それまで運動習慣がまったくなかったわたしですが、これを契機にと思い立ち、エアロビクス、ステップ、ヨガ、ズンバ、キックボクシングなど、いろいろなものを体験しました。
このときの鏡を通して見るわたしの無様さと言ったら、ほんとうにひどいものでした。
エアロビクスもステップも、一回でも回転する動きがあるとついていけないし(先生のほうから目を離さないといけないし、一回転したら方向がよくわからなくなっている)、少し動きが長くなってくると全く覚えられません。
ヨガもズンバもキックボクシングもだいたい似たような状態でした。
でも当時のわたしはこの時間がとても楽しく、大切に感じていました。
「自分はたいそうな者ではない」と思い出せる場が欲しかった
当時、わたしはある危機感を感じていました。
転職して最初の職場では、何をしても「よくできる」「あなたはすばらしい新人だ」と言われました。
社内報の原稿執筆を引き受けたと言っては褒められ、採用希望者と若手職員の懇談会を引き受けたと言っては褒められ、挙句いつもシュレッダーのゴミを捨てているとか、床に落ちたゴミを拾ったとかで褒められていました。
確かにどれもこれもシステム担当だったわたしの職務分担ではないが、システムではまだ成果出してないのにそんなことで褒められてもなあ……。
しかし、『赤い蝋燭と人魚』の老夫婦のように、繰り返し繰り返し聞かされていることに人間は篭絡されてしまうものです。
こんな言葉を浴び続けていたら、いつか自分が勘違いしてしまうかもしれない。
そんな時こそレッツゴースポーツ教室。
無様な己を意識的に見るように努めていれば、おごり高ぶりなど起こりようもなかろう、そんな動機で、そのワンコイン期間さまざまな教室に顔を出していました。
当初、フラを体験するつもりはなかった
ほぼ毎日ジムに入り浸っていたら、頻繁に顔を合わせるようになった親世代の女性・クロさんから声をかけられました。
「フラダンス教室を体験してみたいのだけれど、ひとりじゃ心もとないから、一緒に行かない?」
スポーツ教室の中にフラダンス教室があるのは認識していたのですが、ずうずうしくも運動強度の強そうなものから試していたわたしは、クロさんから誘われるまで体験してみるつもりはありませんでした。
ご縁をいただいたと強く感じている理由はここにあります。
せっかく誘っていただいたし、なんでも試してみたいという気持ちもあったので、体験することにしました。
それが、今にいたるまでフラを教えていただいている先生との出会いです。
フラってこんなに美しいんだ!
思えばそれまでちゃんとフラをみたことがありませんでした。
そのレッスン場でみた先生のフラは、柔らかく優しいのにパワフルで力強い、観ているだけで心躍るような美しさでした。
体験してみると、ハワイの歴史・文化や歌詞の意味とともに振り付けを習うのはとても楽しいことでした。
先生が踊るとそこにハワイの洋上の明るい満月がたちあらわれるのに、わたしが踊ると日本の盆踊りのオカメにしか見えなくて、鏡を目にして「え、なんで?!」と吹き出してしまうありさまでしたが……。
その後、ワンコイン体験期間が終わったとき、わたしはエアロビクスやヨガではなく、クロさんとともにフラダンス教室に入りました。
上述の通り、ジムに通い始めた当初は、運動習慣をつけることと、戒めとして無様な自分の姿を見ることが主目的でした。
もちろん、フラダンス教室でそのどちらも達成できていましたが、そのうち、どうしたら少しでも先生のように、ハワイのダンサーのように素敵に踊れるようになるか、というふうにモチベーションが変化していきました。
また、フラでも回転する動きはありますが、エアロビクスのときのようについていけなくなることは減っていきました。

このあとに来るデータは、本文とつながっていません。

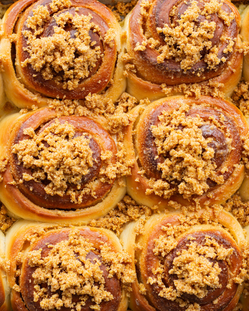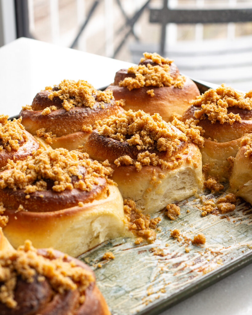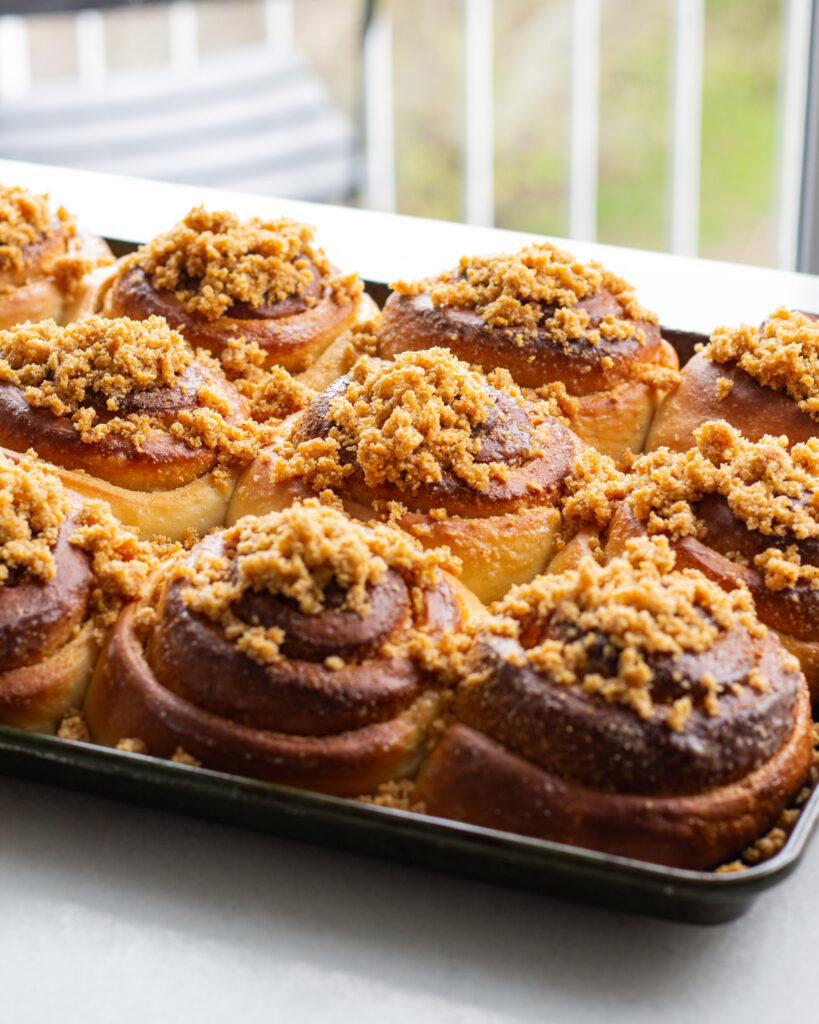 The crumble topping was not my favorite aspect but it’s simply personal preference as I’m not a fan of turbanido sugar. Next time (as there will definitely be a next time) I might try and add flour to the crumble topping so I can sprinkle it on top of the rolls before baking.

成長!
なぜか周囲からディスられまくった
当時のことで思い出すのは、なぜか周囲からディスられまくったこと。
職場の女の先輩(当時30代後半)に、
「20代後半で新しい習い事始めるなんて、わたしにはそんな発想がない」
とか言われたり(そういわれてもこっちはなんて答えればよいのか)、
仲良しだった同年代の友達にさえ、
「この年で男のいない趣味始める意味は何?結婚捨てたの?」
とか言われたりしました。
え、ふつうにひどくね??
確かにいまだに結婚してないけど……当時の自分の人間関係泣ける。
12年経った今
フラは自分と向き合える時間
そこからなんと今年で干支がひとまわりしたんですね。
今では、モチベーションはさらに変化して、フラやハワイ文化に少しでも近づきたい、にじり寄って行きたいというチャレンジ、となっています。
また、フラを踊る時間は、なんというか、「その場所に戻ってくる」感覚があります。
ほかのことはとりあえずいったんわきに置いて置いて、「フラを踊る自分」に戻ってくるというか。
フラを踊ってみて初めて、その前の自分の状態がどうだったかわかる。
すごく元気がなかったけど元気出てきた、とか、頭ばっかり空回りしていたな、とか、ちょっと調子に乗ってたな、とか。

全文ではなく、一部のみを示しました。